Yep still never finished one to this day! I just like punching people as I walk down the street. Or the online when it gets launched.


----------



## blacksun (Sep 18, 2013)

sunni said:


> he can have an opinion his opinion is that he doesnt care




Except that he kind of does, at least enough to post in/troll this thread.

And no pc version? 

Master race fail. :'(


----------



## GKID69 (Sep 18, 2013)

its hyped for a reason its GTAV damnit!!!


----------



## sunni (Sep 18, 2013)

GKID69 said:


> its hyped for a reason its GTAV damnit!!!


im not impressed with those series there are far better games lol


----------



## hempyninja309 (Sep 18, 2013)

sunni said:


> mmhm the majority of people dont even finish those games


I rarely do any missions. I either play online or run from the police.


----------



## LegalizeNature420 (Sep 19, 2013)

sunni said:


> he can have an opinion his opinion is that he doesnt care
> 
> i am not that interested in gta5, i think its all hyped up for no reason


So if someone began posting on rollitup that they "don't fucking care for cannabis", would you not consider that person a troll?
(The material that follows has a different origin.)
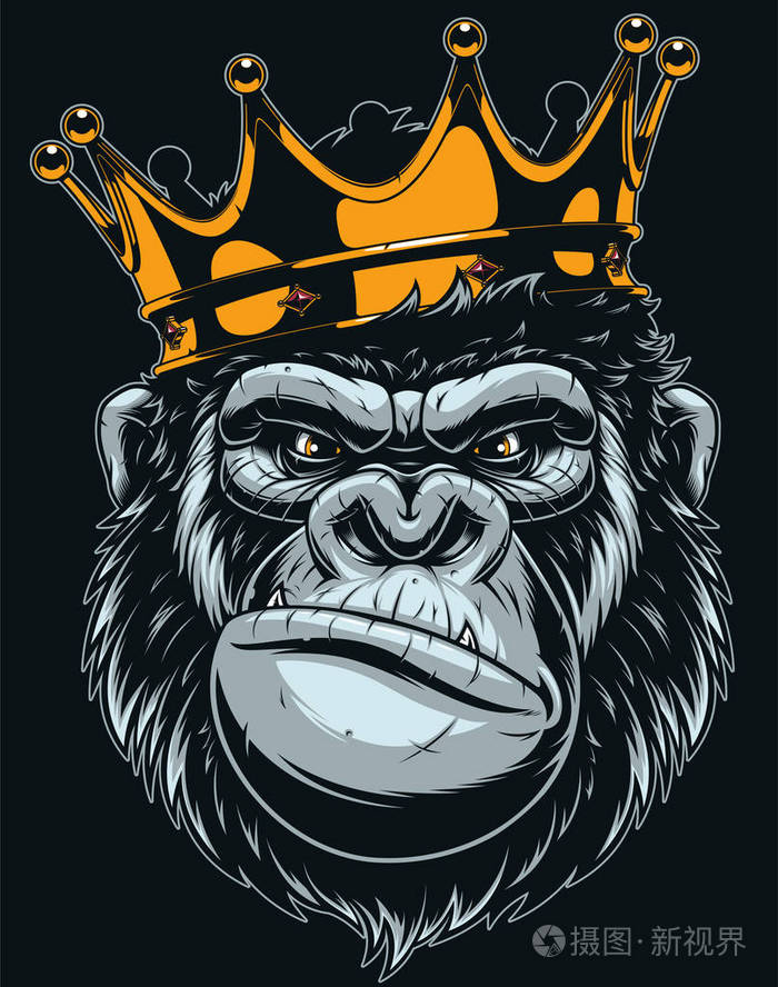 向量例证, 凶猛的大猩猩头与冠, 在黑背景

Having opinions is perfectly fine, but don't enter a cannabis site and bash cannabis or the gaming section and bash gaming.


----------



## farmasensist (Sep 27, 2013)

I think the problem with the map is that half of it is just empty waste land that you can't really do anything with. There's a whole lot of desert and forest and not as much city. They didn't even have the san francisco or las Vegas cities and that was disappointing. Maybe they will expand or build on the map with some DLC


----------



## smokejoint (Sep 27, 2013)

I think it is bigger than san andreas.


----------